=== Listed records ===

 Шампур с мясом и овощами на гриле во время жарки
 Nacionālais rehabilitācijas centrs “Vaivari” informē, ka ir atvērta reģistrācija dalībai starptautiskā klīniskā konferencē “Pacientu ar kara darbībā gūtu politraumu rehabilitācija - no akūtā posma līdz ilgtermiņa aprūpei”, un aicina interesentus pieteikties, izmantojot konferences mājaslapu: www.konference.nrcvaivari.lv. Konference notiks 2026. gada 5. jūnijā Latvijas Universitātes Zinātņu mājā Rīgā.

---

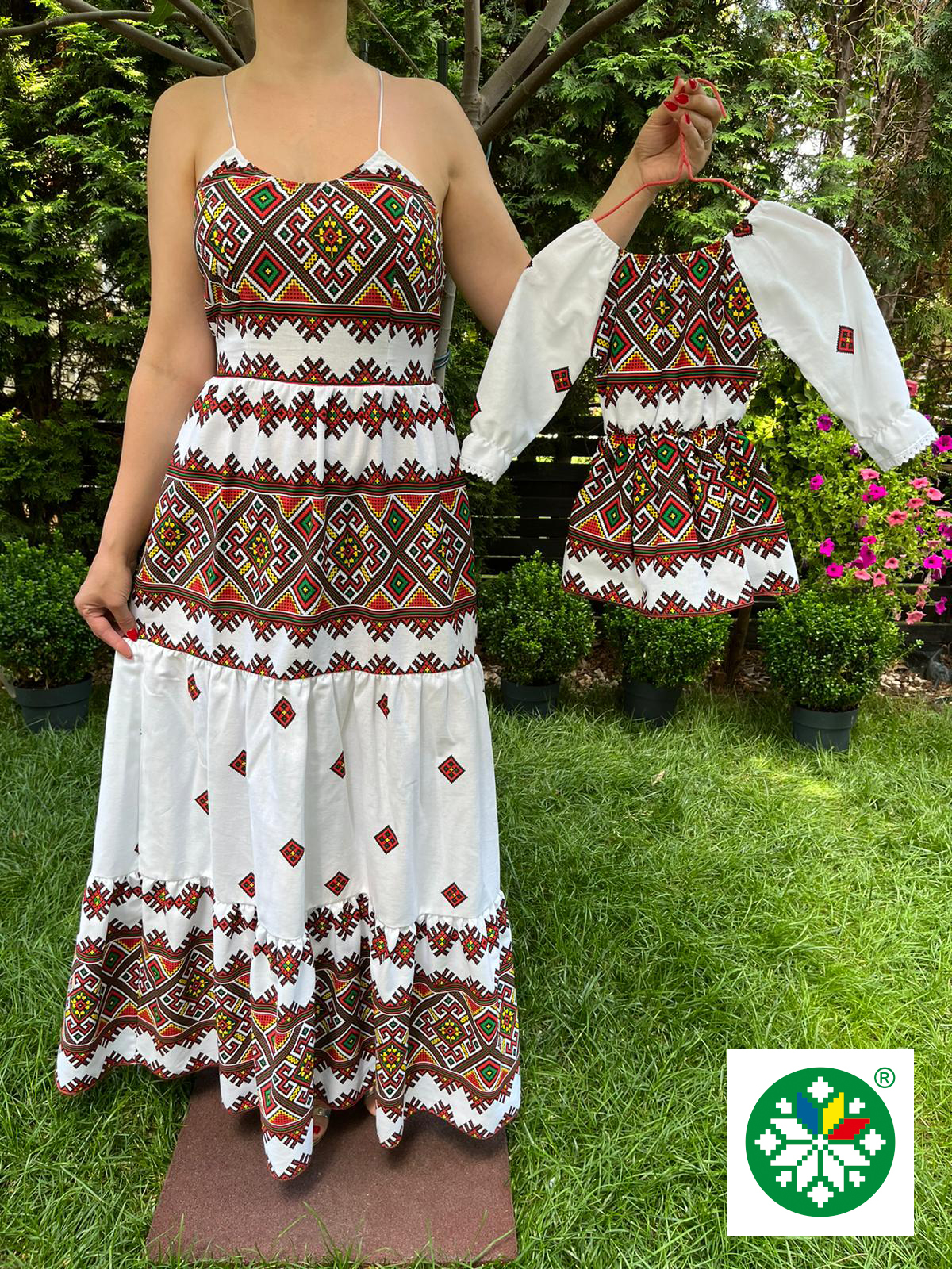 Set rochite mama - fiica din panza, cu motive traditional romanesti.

=== Work to complete ===
From the listing above, return the lines starting at the one with "Шампур с мясом" and ending at the one with "Nacionālais rehabilitācijas centrs", both kept, exactly as they appear and nothing more.

=== Completed task ===
 Шампур с мясом и овощами на гриле во время жарки
 Nacionālais rehabilitācijas centrs “Vaivari” informē, ka ir atvērta reģistrācija dalībai starptautiskā klīniskā konferencē “Pacientu ar kara darbībā gūtu politraumu rehabilitācija - no akūtā posma līdz ilgtermiņa aprūpei”, un aicina interesentus pieteikties, izmantojot konferences mājaslapu: www.konference.nrcvaivari.lv. Konference notiks 2026. gada 5. jūnijā Latvijas Universitātes Zinātņu mājā Rīgā.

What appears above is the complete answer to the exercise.